*** DATA SUPPLIED ***

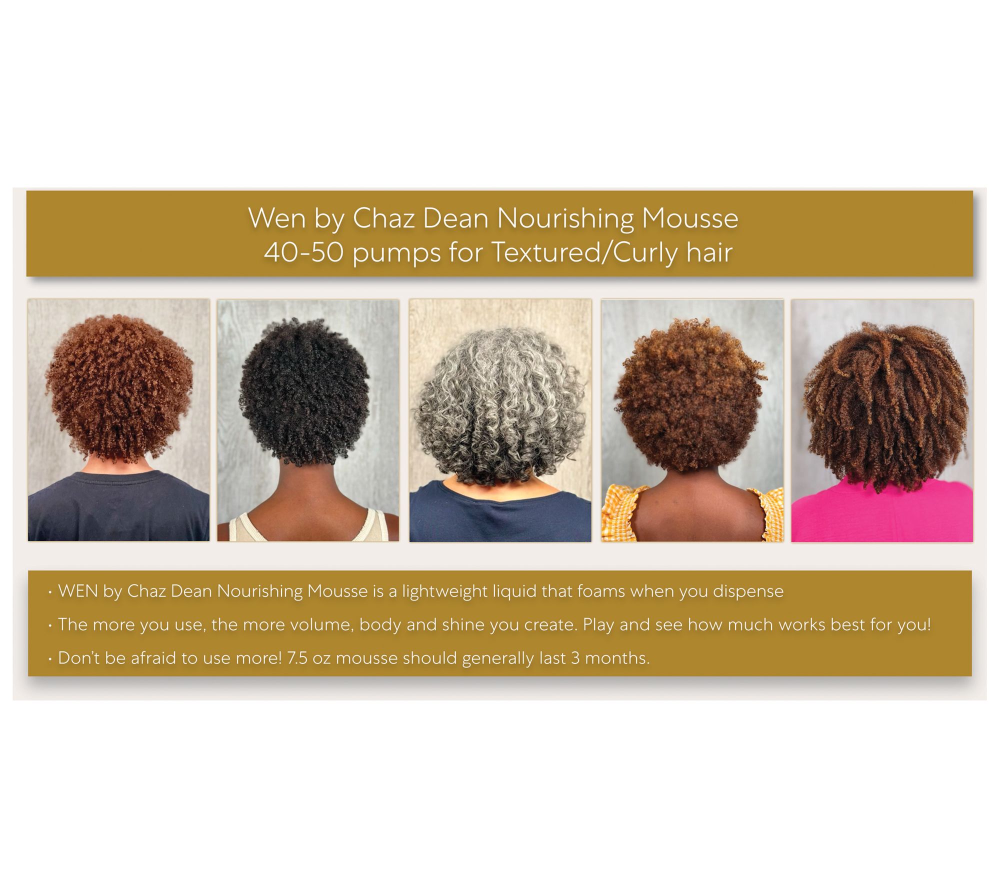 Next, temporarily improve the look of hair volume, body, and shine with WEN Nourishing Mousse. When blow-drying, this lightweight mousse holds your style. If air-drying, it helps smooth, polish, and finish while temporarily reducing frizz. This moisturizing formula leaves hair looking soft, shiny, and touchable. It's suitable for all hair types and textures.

*** End of DATA SUPPLIED ***
*** DATA SUPPLIED ***

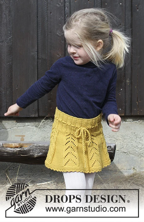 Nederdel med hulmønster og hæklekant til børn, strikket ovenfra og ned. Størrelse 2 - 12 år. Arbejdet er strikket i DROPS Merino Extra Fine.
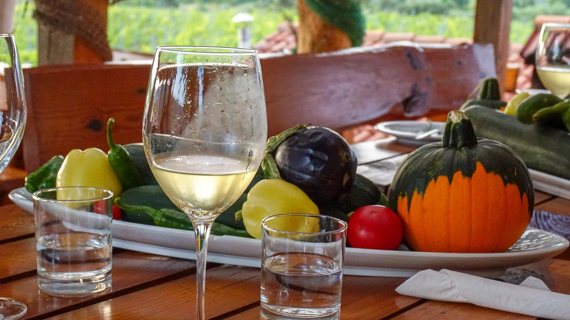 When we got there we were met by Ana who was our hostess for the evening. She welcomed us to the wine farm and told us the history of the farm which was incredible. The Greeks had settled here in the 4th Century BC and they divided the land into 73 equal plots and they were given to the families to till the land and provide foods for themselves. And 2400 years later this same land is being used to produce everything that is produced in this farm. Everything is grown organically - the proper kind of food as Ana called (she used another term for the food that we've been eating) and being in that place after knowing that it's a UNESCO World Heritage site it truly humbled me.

*** End of DATA SUPPLIED ***

Retype the lines above exactly as they appear, from the line containing "Nederdel med hulmønster" through the line containing "When we got", and leave out any pictures.

### REPLY
 Nederdel med hulmønster og hæklekant til børn, strikket ovenfra og ned. Størrelse 2 - 12 år. Arbejdet er strikket i DROPS Merino Extra Fine.
 When we got there we were met by Ana who was our hostess for the evening. She welcomed us to the wine farm and told us the history of the farm which was incredible. The Greeks had settled here in the 4th Century BC and they divided the land into 73 equal plots and they were given to the families to till the land and provide foods for themselves. And 2400 years later this same land is being used to produce everything that is produced in this farm. Everything is grown organically - the proper kind of food as Ana called (she used another term for the food that we've been eating) and being in that place after knowing that it's a UNESCO World Heritage site it truly humbled me.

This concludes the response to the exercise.